In this work, we present a robust and efficient segmentation method for H&N CT images that combines the strengths of existing methods. The proposed method uses a novel shape representation model (ie, SRM), to learn the highly representative shape characteristics of H&N OARs, model the relationships among them, constrain the training of the segmentation network (ie, FCNN), and improve its segmentation performance. During the training of FCNN, SRM serves as a regularizer to reduce false‐positivity and help the final segmentation of FCNN to better follow the shape distributions of the H&N OARs.

A direct comparison between FCNN with and without SRM demonstrates that SRM significantly improves segmentation accuracy for nine organs with varying sizes, morphological complexities, and CT contrasts.

Although the performance of compared methods can be influenced by underlying H&N datasets, the SRM+FCNN method is shown to be competitive when compared with existing conventional segmentation methods and a deep‐learning based method by demonstrating consistently higher DSC (%) and lower standard deviations. Another advantage of our method is that post‐processing was not needed to produce the completive results, thus further improving its generalizability.

Besides SRM regularization, we made several additional improvements to the existing deep learning segmentation studies. In the current implementations, owing to the difficulties of optimizing 3D networks and inadequate training samples, many existing deep learning segmentation studies formulated the problem as a patch‐wise classification task, which is inefficient due to computational redundancy and restricted to learning local features that are only visible in individual patches.²⁵ In this paper, we employ a fully convolutional architecture where all layers are either convolutional or pooling. As a result, the network can use arbitrarily sized volumetric images as input, and then perform probability predictions. This novel architecture simultaneously eliminates computational redundancy and enables learning global features of the images. To further improve the convergence rate, a deep supervision mechanism²⁵ is integrated into our FCNN by providing additional guidance to the training of the lower layers in the network.

Besides segmentation performance, the improvements in algorithm resulted in a major advantage in computational speed.
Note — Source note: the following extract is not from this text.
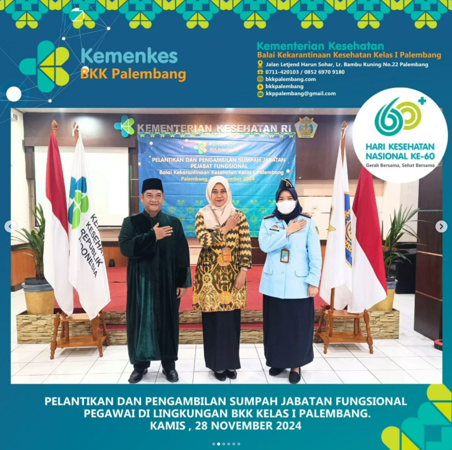 Kamis 28 November 2024 bertempat di aula BKK Kelas I Palembang dilaksanakan kegiatan pelantikan dan pengambilan sumpah jabatan fungsional pegawai di lingkungan Balai Kekarantinaan Kesehatan Kelas I Palembang.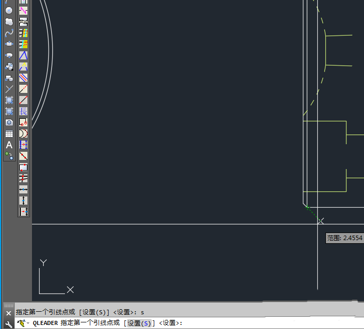1、启动CAD2017软件,使用快捷命令LE;在弹出的指定第一个输入点时,先输入S;

The incorporation of SRM slightly increases the computational cost in the training stage of FCNN. After training, multiple OARs in a new patient CT can be segmented in under 10 s using FCNN. The fast segmentation time is particularly valuable to applications such as adaptive radiotherapy.

The performance of the novel segmentation network can be limited by latent anatomy shape characteristics captured by the SRM. In the case where the testing patient has substantially different anatomies, such as the post‐surgical patients, an incorrect SRM may reduce segmentation network performance. In such case, the SRM regularization may require a more specific training dataset. Furthermore, as a regularization term, the severity of the problem is expected to be less than that of the atlas and statistical shape methods which rely on the shape representation model alone. There are two more limitations of this study. First, among the three existing methods used for comparison, only one was performed on the same dataset. This difference prevents us from more clearly affirming the accuracy of our method. Second, the training and testing datasets were limited in size. Although good performance was observed, its robustness and potential improvement need to be tested on a larger patient dataset and preferably in a multi‐institutional study.

5. Conclusion

A fully automatic and efficient multi organ segmentation method for H&N CT images is demonstrated and tested. When combined with SRM, FCNN is constrained to follow the latent shape characteristics of OARs in the training set, which not only improves the segmentation accuracy of FCNN, but also eliminates the need for post‐processing. The SRM‐constrained FCNN shows competitive performance compared to conventional atlas and statistical shape‐based methods as well as a deep learning method, in both accuracy and computational efficiency.